Sid Khosla, managing partner at Ernst & Young, argued that M&A activities are also being driven by growth opportunities for managers, including in digital assets and environmental, social, and governance-themed investments, that are far different than in the past. “The asset management [industry] itself is undergoing a significant transformation,” prompting managers to think about “where [their] competitive advantage is going to lie,” said Khosla during a panel discussion on Thursday. Alts managers offer a bridge to these new areas of growth. In part, that’s because traditional managers don’t always have enough of an edge or the infrastructure to invest in cryptocurrencies or ESG-related concepts, according to Khosla.

Khosla added that traditional managers increasingly view the large private equity firms as strong competitors, particularly as they’ve expanded well beyond PE into credit real estate, infrastructure, and other asset classes.

“[2021] is the first year on a global basis that we expect private equity deal values to exceed $1 trillion,” added Chris Smyth, EY Americas Private Equity Leader, during the panel. “There is an excess of $750 billion of dry power available for investments, which is also at an all-time high.” That means private equity firms have plenty of profits to reinvest and strengthen their businesses, making them even more formidable competitors to traditional managers.

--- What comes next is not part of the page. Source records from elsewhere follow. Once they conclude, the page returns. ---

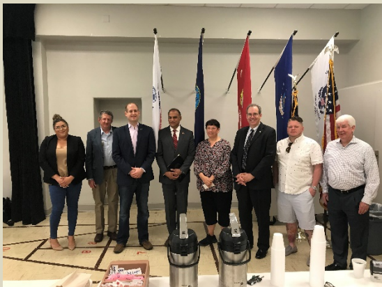
(Left) Members of the Dayton Chapter of the Federal Bar Association who participated in the Wills for Vet event

The Dayton Bar Association and Dayton Chapter of the Federal Bar Association teamed together in honor of Memorial Day at the Dayton Veterans Affairs Medical Center in a "Wills for Veterans" celebration. Wills and related power of attorney documents were written for military veterans and their spouses in an all-day event on Saturday, November 18th. In support of the program, the Dayton Chapter of the FBA presented the Wills for Vets program with a check for the purchase of additional laptops and software, so even more veterans can be served at future events!
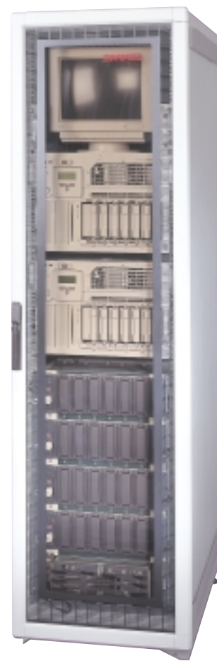
▲ StorageWorks RAID Array

That's because TruCluster Server V5 is a true single image system. Members of the cluster operate as a single system, transparently sharing resources, including data storage and clusterwide file systems — yet, at the same time, individual nodes can boot or shut down independently, without disrupting the cluster.
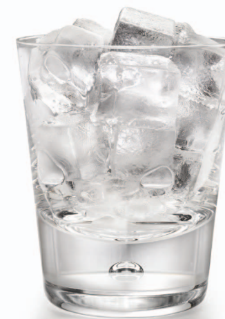
Global Product Guide

11100 East 45th Avenue • Denver, CO 80239 phone 800.423.3367 • fax 303.371.6296 www.iceomatic.com
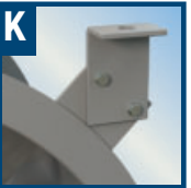
SCH - HORIZONTAL SUPPORT CLIP
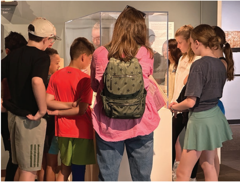
Image: 6th graders visiting the exhibit on human origins loved the replica hominin skulls. May 2024
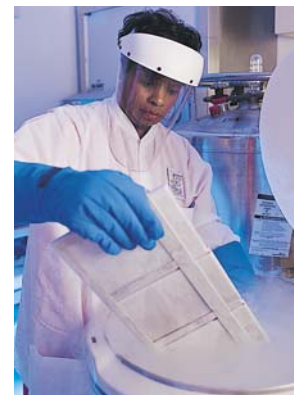
Patients at Phoebe Cancer Center have access to advanced treatments not available at smaller hospitals, such as stem cell apheresis, gene therapy and prostate brachytherapy.

Hope is not a term normally associated with cancer. Yet, over the last 40 years, the dedication of these medical professionals has helped make Phoebe Cancer Center a very special place, a place where Southwest Georgians can turn to as a source for hope for treatment and for recovery.
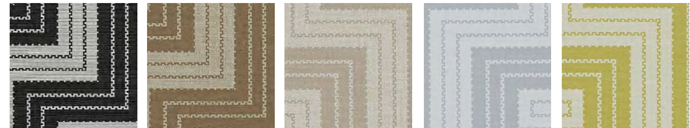
CD2-CFT-06 Gravel Ice CD2-CFT-07 Cocomo Taupe CD2-CFT-08 Oyster Buff CD2-CFT-09 Tiffany Ice CD2-CFT-10 Citrus Moon

PE firms have also taken some large asset managers private. This year private equity firms Reverence Capital Partners and GTCR acquired Wells Fargo Asset Management from Wells Fargo & Co., which kept a 9.9 percent equity stake and will continue to distribute investments from Allspring Global, the new name of WFAM.

When thinking about the big picture of finance, investment management firms are riding the hot M&A wave that has spread to “every single sector,” according to Brian Salsberg, EY Global Buy and Integrate Leader. From manufacturers to technology firms, almost every industry is looking for ways to take advantage of the cheap cost of capital. “Money is almost free,” Salsberg said. “You don’t have to be a finance major to understand that if you can borrow money at next to nothing, then you can take more risk with that capital.”

The tailwinds behind M&A also come from the “disruption in every industry” as companies adapt to the digital economy. The surge of companies spinning off existing businesses that no longer fit their strategy into independent firms has contributed more M&A targets, Salsberg said.

And it’s not just the largest companies that are doing the acquiring. Small to mid-size firms are dipping their toes into the M&A market, according to PwC. Mega-deals have given ways to “smaller scale consolidation,” which could be the trend for 2022. Smaller managers are also increasingly taking minority stakes in alternatives firms.

“In earlier cycles, we’ve seen a very polarized M&A environment,” said Khosla. “[But] this time around, there’s been as many sub-billion dollar deals as the one-to-five billion ones, [as well as] the mega-deals.”